Welcome to the exercise of the week! Whether you're looking to get functionally stronger to defend yourself, or you just want to look ripped like a fighter, these exercises will get it done.
This week's exercise of the week is the Crab-walk Toe Touches. This is another great total body exercise that works all of the physiological systems - upper body, lower body, and core muscle strengthening, cardiorespiratory, stabilization, and even some flexibility.
How to Perform:
Start by sitting on the ground with your hands and feet on the ground and your knees up.

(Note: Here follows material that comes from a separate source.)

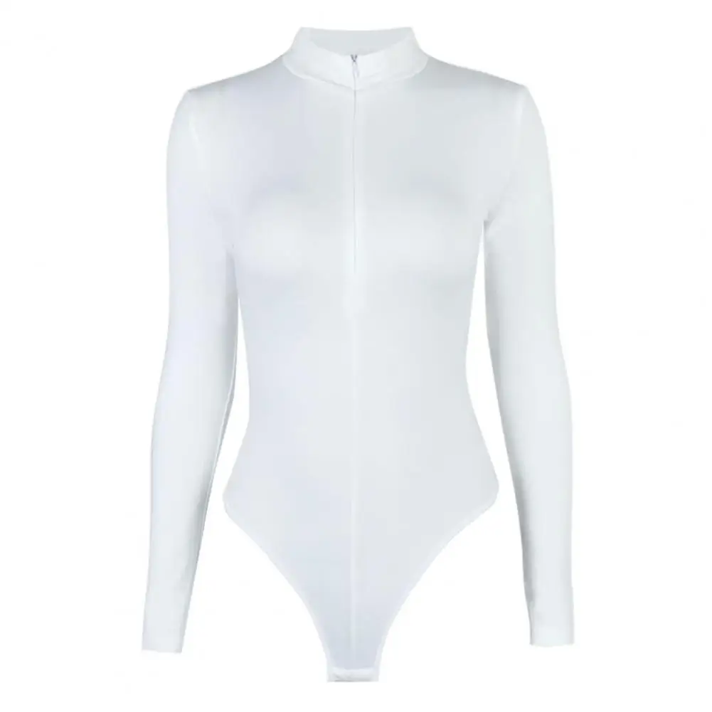 Women Bodysuit Winter Women's Fleece-lined Skinny Fit Romper Cozy Mock Neck Bodysuit with Zipper Half Placket Skinny Bottoming

Push yourself off the ground so your butt is in the air, and your knees and elbows are slightly bent (tip: turn your fingers in the direction of your feet).
Raise your right arm and left leg in the air and touch that foot. Return the leg and arm down.
Repeat on the other side, lifting your left arm and right leg, and touch that foot.
Continue alternating for the required number of repetitions.
Make sure to keep your butt off the ground throughout the exercise.
Beginners perform one set of 5 reps per side (10 reps in total), take a minute rest, and repeat (if able). Avid exercisers perform five sets of 10 reps per side (20 reps in total), resting one minute between exercises if needed.
If the exercise is too hard:
Drop your butt down to the ground in between repetitions.
Reduce the amount of repetitions until you build up strength.
If the exercise is too easy:
Increase the speed in which you perform the repetitions.
Perform more repetitions, or perform for time (i.e., as many reps as possible within one minute).
Below is a video so you can perform the exercise with me. Let me know if you have any questions and Have Fun!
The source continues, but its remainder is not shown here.